* **ACTIVITY**
The whole listing needs to be written out exactly, except for any images.

* **STORED DATA**

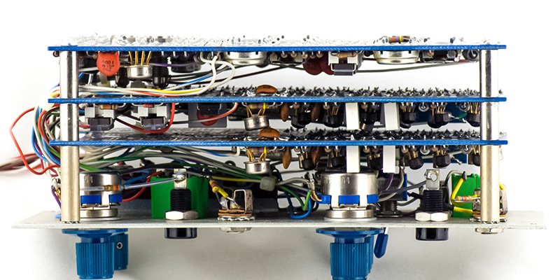 The construction is a three PCB-stack with the front panel controls hand wired to terminal strips. The middle two PCBs are the same and one is half-stuffed. The PCB is the reference oscillator and the 90 degree phase filters. The half-stuffed PCB is the 90 degree phase filter for the Signal input.
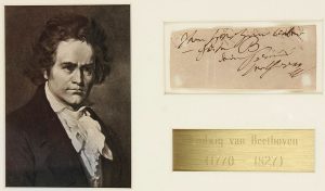 Ludwig van BEETHOVEN (1770-1827). P.A.S. (fin de lettre) ; 1 page oblong in-12 (5 x 12 cm ; encadrée avec portrait).
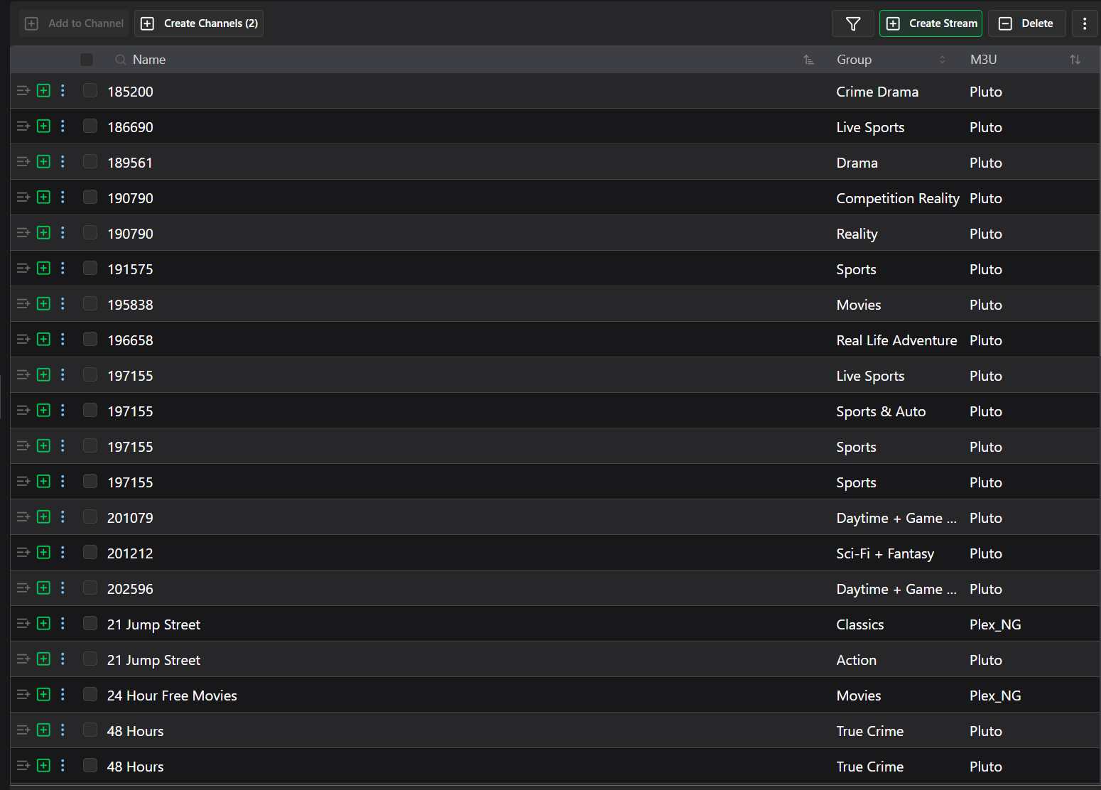 Not sure if this is specific to the m3u aggregator I use (Dispatcharr), but when I import the M3U from this docker, I get the following:
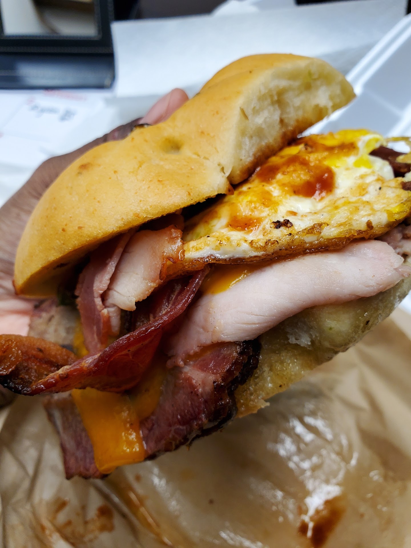 Read moreToday was my first visit and it did not disappoint! I've seen several of the Facebook ads consistently on my feed and had to try them out. Today I got the Rooster sandwich with potato salad. OMG!! So delish! It was seriously piled high just as described. You have the option of getting a half or a whole sandwich and I of course tackled the whole one! It is more than enough food to satisfy 2 people!! The jalapeño cheese bread was sweet and soft. The bacon was perfectly cooked and crispy! The brisket and ham were so juicy and complimented the sandwich so well!! The avocado and egg made it healthier and more delicious!!! The delectable bbq sauce will make your eyes roll into the back of your head!! It's a sweeter sauce. The potato salad was perfect as well. I will be satisfied for the remainder the day. I don't usually eat out because I am trying to budget better in my late 30s and get this adulting thing under control of course, but gosh I am SO glad I decided to see what everyone else talks about. The restaurant was clean and organized. I called to speak to the manager, Trevor, to tell him how much I enjoyed my food and he was so nice and appreciated the compliment. I will be back!! I'll just had to set aside a budget labeled The Roost over there with Trevor and the gang because I love it there!! Please go see for yourself! I'm no food photographer, so this was the best I could do whilst smelling and holding this beast of a sandwich. That...

* **REPLY**
 The construction is a three PCB-stack with the front panel controls hand wired to terminal strips. The middle two PCBs are the same and one is half-stuffed. The PCB is the reference oscillator and the 90 degree phase filters. The half-stuffed PCB is the 90 degree phase filter for the Signal input.
 Ludwig van BEETHOVEN (1770-1827). P.A.S. (fin de lettre) ; 1 page oblong in-12 (5 x 12 cm ; encadrée avec portrait).
 Not sure if this is specific to the m3u aggregator I use (Dispatcharr), but when I import the M3U from this docker, I get the following:
 Read moreToday was my first visit and it did not disappoint! I've seen several of the Facebook ads consistently on my feed and had to try them out. Today I got the Rooster sandwich with potato salad. OMG!! So delish! It was seriously piled high just as described. You have the option of getting a half or a whole sandwich and I of course tackled the whole one! It is more than enough food to satisfy 2 people!! The jalapeño cheese bread was sweet and soft. The bacon was perfectly cooked and crispy! The brisket and ham were so juicy and complimented the sandwich so well!! The avocado and egg made it healthier and more delicious!!! The delectable bbq sauce will make your eyes roll into the back of your head!! It's a sweeter sauce. The potato salad was perfect as well. I will be satisfied for the remainder the day. I don't usually eat out because I am trying to budget better in my late 30s and get this adulting thing under control of course, but gosh I am SO glad I decided to see what everyone else talks about. The restaurant was clean and organized. I called to speak to the manager, Trevor, to tell him how much I enjoyed my food and he was so nice and appreciated the compliment. I will be back!! I'll just had to set aside a budget labeled The Roost over there with Trevor and the gang because I love it there!! Please go see for yourself! I'm no food photographer, so this was the best I could do whilst smelling and holding this beast of a sandwich. That...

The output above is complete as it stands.